Prior probability information

A prior probability distribution of an uncertain quantity, often simply called the prior, is its assumed probability distribution before some evidence is taken into account. For example, the prior could be the probability distribution representing the relative proportions of voters who will vote for a particular politician in a future election.

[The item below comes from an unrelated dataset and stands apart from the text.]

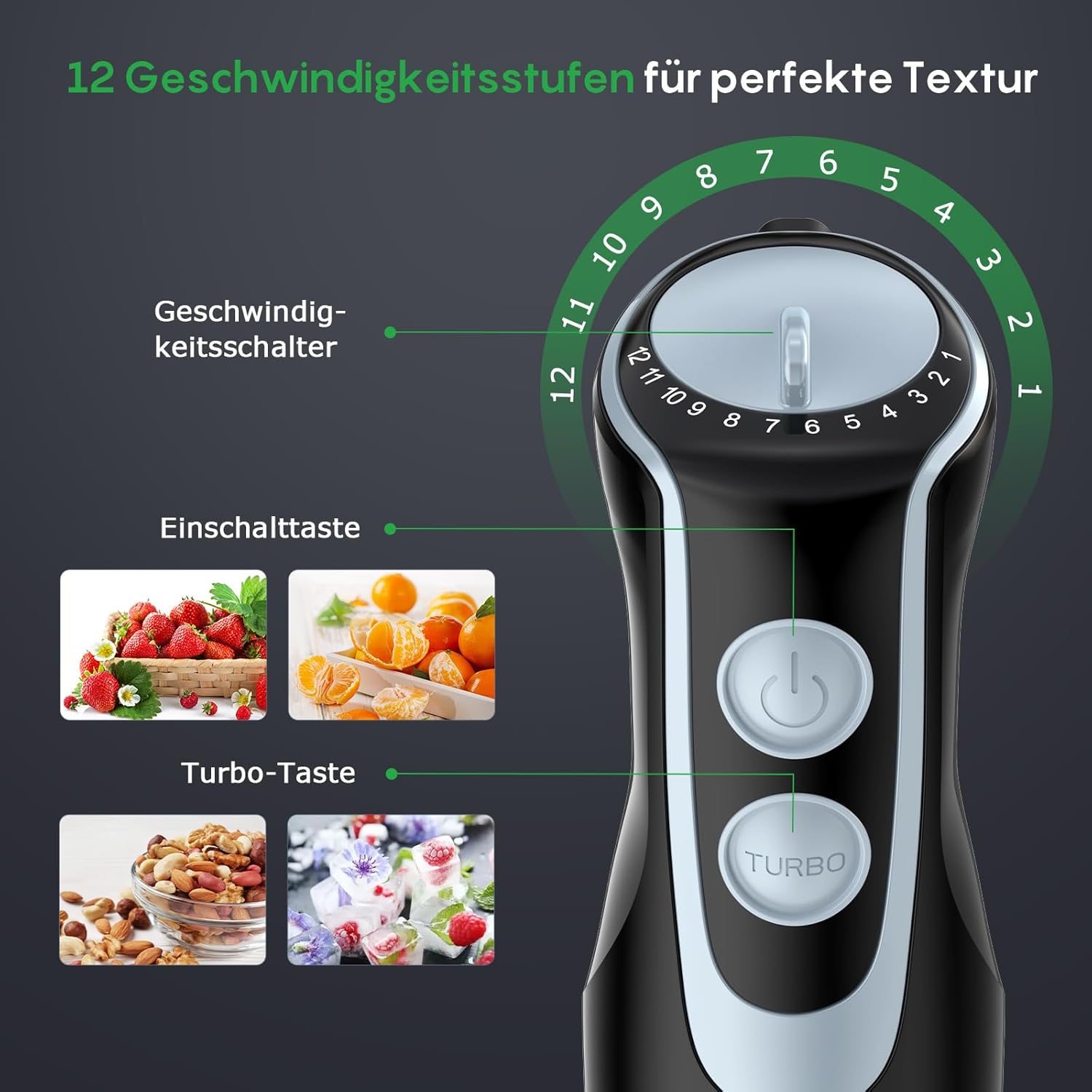 • 2 режима на скорост: турбо зареждане за максимална мощност или 12-степенно регулиране за прецизен контрол

The unknown quantity may be a parameter of the model or a latent variable rather than an observable variable.

In Bayesian statistics, Bayes' rule prescribes how to update the prior with new information to obtain the posterior probability distribution, which is the conditional distribution of the uncertain quantity given new data. Historically, the choice of priors was often constrained to a conjugate family of a given likelihood function, for that it would result in a tractable posterior of the same family. The widespread availability of Markov chain Monte Carlo methods, however, has made this less of a concern.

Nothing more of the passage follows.